Lovely collection! Thanks for sharing. 
	

	
	
		
		

		
			




Is that Afterdusk blush I spy? How do you like it? It looks so pretty, I'm debating going back to get it!


----------



## BinkysBaby (Jun 5, 2007)

Remember that every collection starts as a baby collection!!


----------



## Pure Vanity (Jun 7, 2007)

You have loads of lovely things


----------



## PeachyKeen (Jun 7, 2007)

thats a pretty sweet baby collection!


----------



## courters (Jun 7, 2007)

I wish my baby collection looked like that! 
	

	
	
		
		

		
		
	


	




  I love all the eyeshadows.


----------



## attentiondef27 (Jun 25, 2007)

i updated the pics


----------



## thenovice (Jun 25, 2007)

Mine is a baby collection too- i wish it was like yours. You have alot of nice things!

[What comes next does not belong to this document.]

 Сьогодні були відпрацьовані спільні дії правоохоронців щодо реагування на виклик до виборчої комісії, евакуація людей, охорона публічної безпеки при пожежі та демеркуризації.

What are those things in the black boxes?


----------



## starangel2383 (Jun 25, 2007)

thats a baby collection? wow, i think your baby collection is much larger than mine was when i first started purchasing MAC and it has just recently gotten larger over the past year.


----------



## Danapotter (Jun 25, 2007)

Sorry, I do not think it is a baby collection, more like tween!


----------



## attentiondef27 (Jun 26, 2007)

Quote:

   Originally Posted by *thenovice* 

 
_Mine is a baby collection too- i wish it was like yours. You have alot of nice things!

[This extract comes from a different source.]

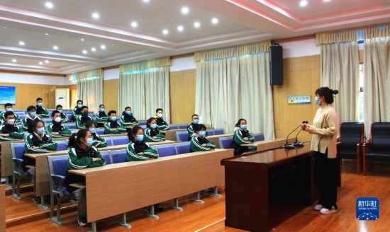 12月5日,在山东省枣庄市第八中学,枣庄市薛城区委宣讲团举办“青草学堂”宣讲活动,把党的二十大精神送进学校。新华社发

What are those things in the black boxes?_

 
the larger two boxes are brush cleaner and the smaller boxes are paints...i keep them in the box so the dont get squeezed and ooze out when i open them.


----------



## Hilly (Jun 26, 2007)

awesome collection!


----------



## thenovice (Jun 26, 2007)

Quote:

   Originally Posted by *attentiondef27* 

 
_the larger two boxes are brush cleaner and the smaller boxes are paints...i keep them in the box so the dont get squeezed and ooze out when i open them._

 
Good idea, thanks!


----------



## HayleyVengeance (Jun 26, 2007)

very nice


----------



## BinkysBaby (Jun 27, 2007)

Nice!!!!


----------



## Miss_M (Jun 29, 2007)

Wow, very nice !!

I wish my MAC collection was that big


----------



## c00ki312 (Jun 29, 2007)

baby collection?? thats mahoosive for a couple of months...lol


----------



## macface (Jun 29, 2007)

thats a nice collection.


----------



## hawaiian_mele (Sep 2, 2007)

Very nice collection!


----------



## MAC_Whore (Sep 9, 2007)

Nice collection!  Another Seattle gal in the house!  Wooot!


----------



## Weasel (Sep 9, 2007)

thats huge for 2 months!
i love it lol! =]


----------



## HeroinesHeroine (Sep 10, 2007)

1)Baby collection?? That's a large collection!
2)You are _so_ beautiful!
3)Thanks for posting!


----------